▶ [GOAL OF THE EXERCISE]: In the records below, reproduce exactly the lines from the one containing "通過鏈路聚合(LAG),用戶" through the one containing "into a halo", both included, and omit the pictures.

▶ [EXTRACTED ENTRIES]:
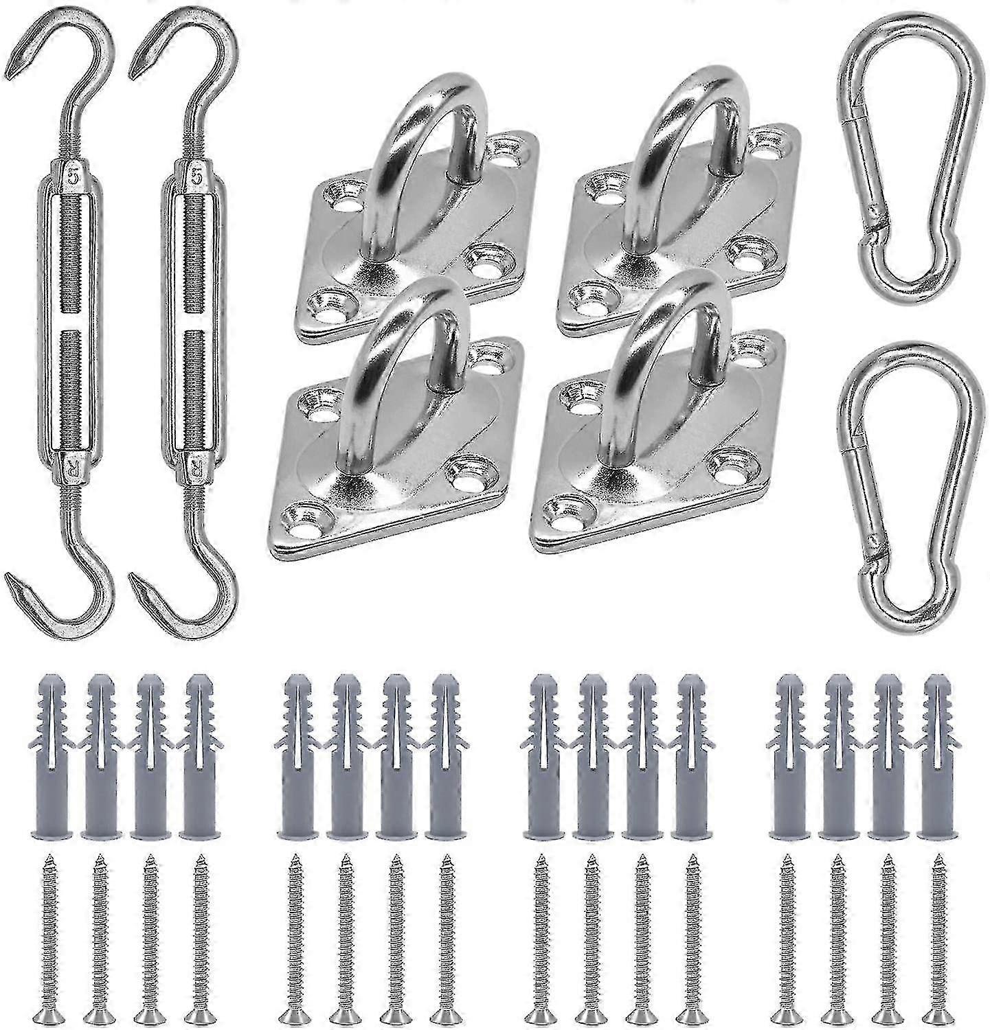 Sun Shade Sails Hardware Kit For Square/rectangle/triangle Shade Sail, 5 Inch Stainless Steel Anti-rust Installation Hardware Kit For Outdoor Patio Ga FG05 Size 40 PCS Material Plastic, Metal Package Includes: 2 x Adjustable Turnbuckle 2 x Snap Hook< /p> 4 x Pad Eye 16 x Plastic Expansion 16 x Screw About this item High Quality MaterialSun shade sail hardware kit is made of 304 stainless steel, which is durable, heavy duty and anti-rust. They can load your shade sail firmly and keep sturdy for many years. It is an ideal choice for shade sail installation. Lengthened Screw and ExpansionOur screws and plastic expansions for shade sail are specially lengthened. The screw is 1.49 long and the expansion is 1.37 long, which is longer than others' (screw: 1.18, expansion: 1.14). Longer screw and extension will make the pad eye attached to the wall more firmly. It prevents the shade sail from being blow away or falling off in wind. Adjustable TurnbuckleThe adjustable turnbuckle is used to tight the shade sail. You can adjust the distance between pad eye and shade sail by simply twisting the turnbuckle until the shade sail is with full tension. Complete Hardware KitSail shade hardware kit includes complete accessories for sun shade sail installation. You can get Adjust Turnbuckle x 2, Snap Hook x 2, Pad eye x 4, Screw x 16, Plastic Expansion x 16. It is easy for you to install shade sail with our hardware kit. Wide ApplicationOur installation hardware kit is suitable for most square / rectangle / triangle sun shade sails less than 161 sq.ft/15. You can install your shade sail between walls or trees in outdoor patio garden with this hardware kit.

* * *

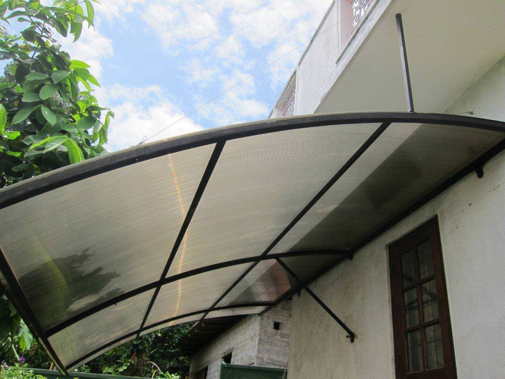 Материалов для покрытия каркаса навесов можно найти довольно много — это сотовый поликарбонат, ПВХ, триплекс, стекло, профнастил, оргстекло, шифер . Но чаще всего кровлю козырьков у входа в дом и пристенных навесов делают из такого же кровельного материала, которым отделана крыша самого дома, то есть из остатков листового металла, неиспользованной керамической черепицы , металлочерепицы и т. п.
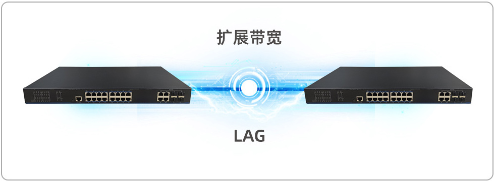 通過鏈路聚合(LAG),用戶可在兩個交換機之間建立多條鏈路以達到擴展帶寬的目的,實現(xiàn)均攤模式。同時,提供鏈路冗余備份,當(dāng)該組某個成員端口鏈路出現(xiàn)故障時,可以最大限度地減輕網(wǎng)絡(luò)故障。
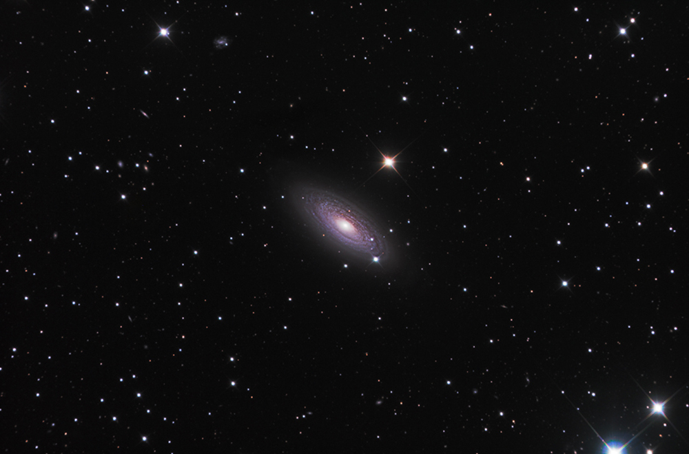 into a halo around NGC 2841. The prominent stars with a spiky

▶ [ANSWER FOR THE TASK]:
 通過鏈路聚合(LAG),用戶可在兩個交換機之間建立多條鏈路以達到擴展帶寬的目的,實現(xiàn)均攤模式。同時,提供鏈路冗余備份,當(dāng)該組某個成員端口鏈路出現(xiàn)故障時,可以最大限度地減輕網(wǎng)絡(luò)故障。
 into a halo around NGC 2841. The prominent stars with a spiky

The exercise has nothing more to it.